Interestingly, Belshazzar, since he was not the titular king of Babylon, seems to have been forgotten quite quickly. He is not known to the historians Herodotus in the 5th century B.C. or Xenophon in the 4th century. That makes it harder to believe that some Jewish writer in the 2nd century B.C. would have known that Belshazzar was actually the one in charge in Babylon, even though he was not the king, and that Nabonidus was not present in the city. This is surely one argument against a 2nd century date and for a 6th century date for Daniel.

Text Comment

v.1       Remember, Daniel is not a history of Babylon but a message for the people of God. There is no need to rehearse the dismal history of the Babylonian royal house from Nebuchadnezzar to Belshazzar. The important thing is to continue with the book’s demonstration that “in spite of appearances God is in control.” Accordingly we plunge into the action in medias res, with no introduction of the dramatis personae or the historical setting.

In a stroke of literary genius, the author does not describe the larger scene.

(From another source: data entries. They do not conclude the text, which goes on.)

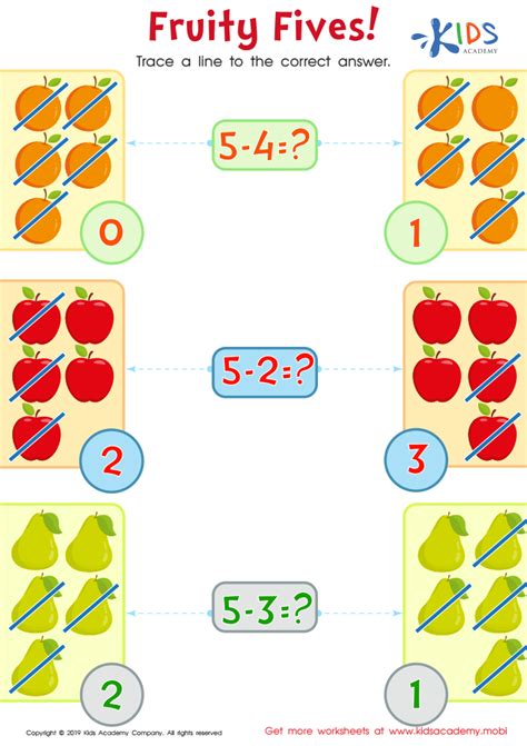 Kindergarten Fruity Fives Worksheet. There are less hints in the. In this colorful worksheet, there are three simple equations which your kids must solve.
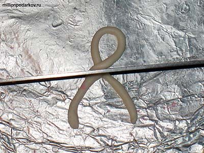 Сделать петельки одинаковой длинны не всегда получается. Поэтому предлагаю такой способ лепки петель: раскатанную тонкую колбаску сворачиваем в петлю нужного размера, а лишнее отсекаем.
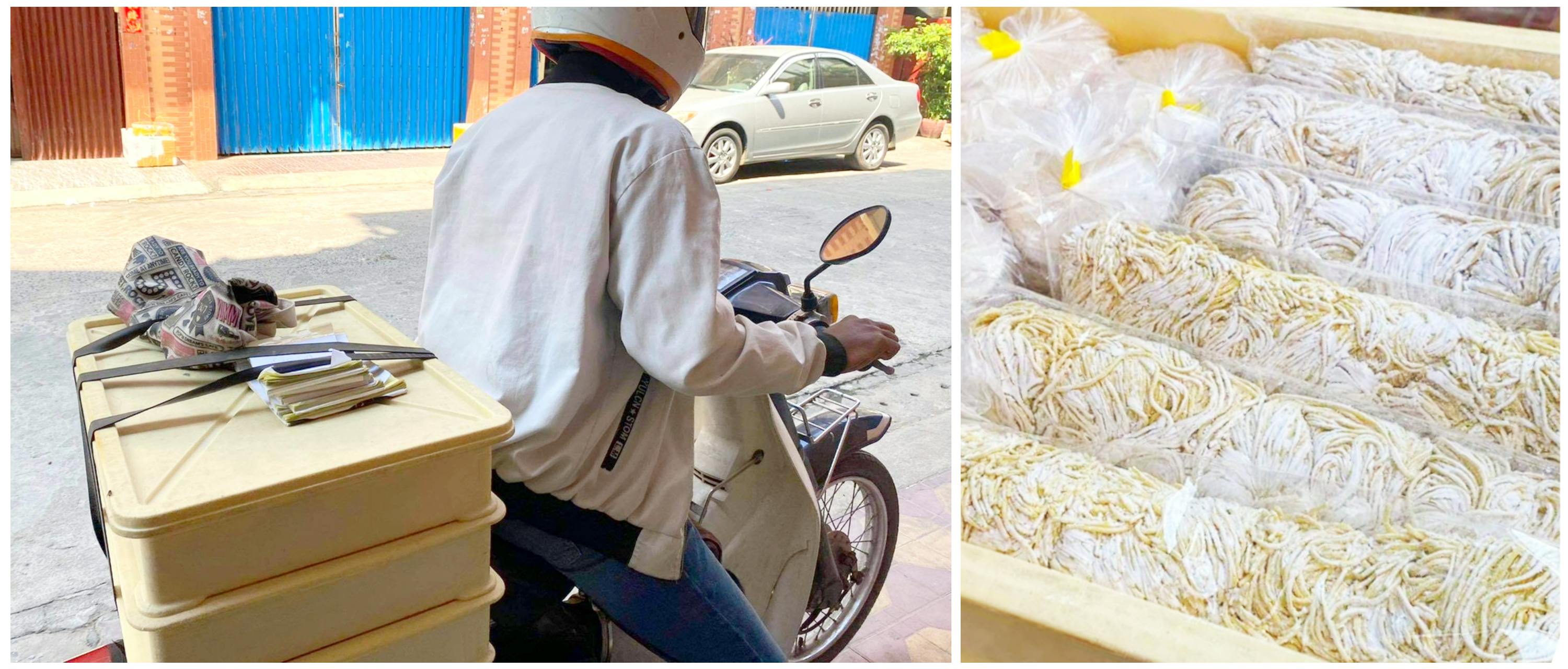 プノンペン市内の日本食店を中心に、中華麺やうどんなどを卸売しています。
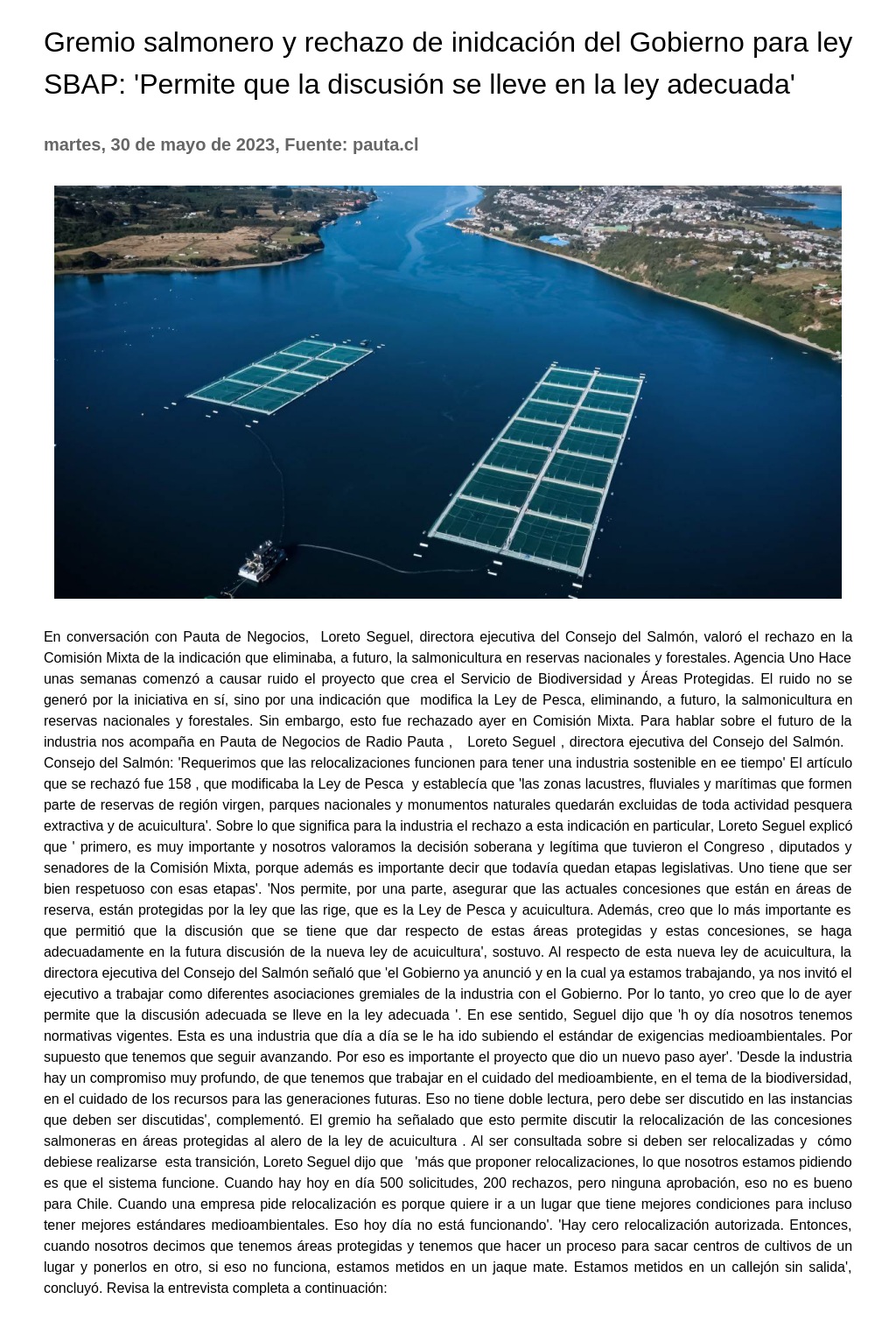 Gremio salmonero y rechazo de inidcación del Gobierno para ley SBAP: "Permite que la discusión se lleve en la ley adecuada" 30-05-2023 pauta.cl En conversación con Pauta de Negocios, Loreto Seguel, directora ejecutiva del Consejo del Salmón, valoró el rechazo en la Comisión Mixta de la indicación que eliminaba, a futuro, la salmonicult... |
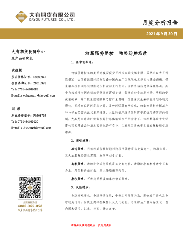 【大有期货】【20210930】油脂油料产业链月度分析报告:油脂强势延续,粕类弱势难改-16页

We do not learn until the very end of the chapter that the city was, at that very moment, threatened by the Persian army. Was this banquet something like Hitler’s birthday party in the bunker hours before his suicide? Or were they so confident that Babylon’s walls and water-defenses were impregnable, that since the Euphrates River flowed through the city there was no need to fear a loss of the water supply, and that the city was sufficiently well-stocked with provisions – so says the historian Herodotus – that they believed themselves safe from attack, no matter the presence of the enemy? But whether or not they realized it, Babylon’s Gotterdammerung was at hand. Herodotus tells us that Cyrus, the Persian king, had defeated Nabonidus and the Babylonian army just a few days before in a battle fought some fifty miles from the capital. Almost certainly there was a climate of fear and uncertainty. Perhaps the banquet was meant to encourage the Babylonian leadership to hang tough. Given the heavy drinking, I’m personally more inclined to think the scene is nearer that of Hitler’s bunker.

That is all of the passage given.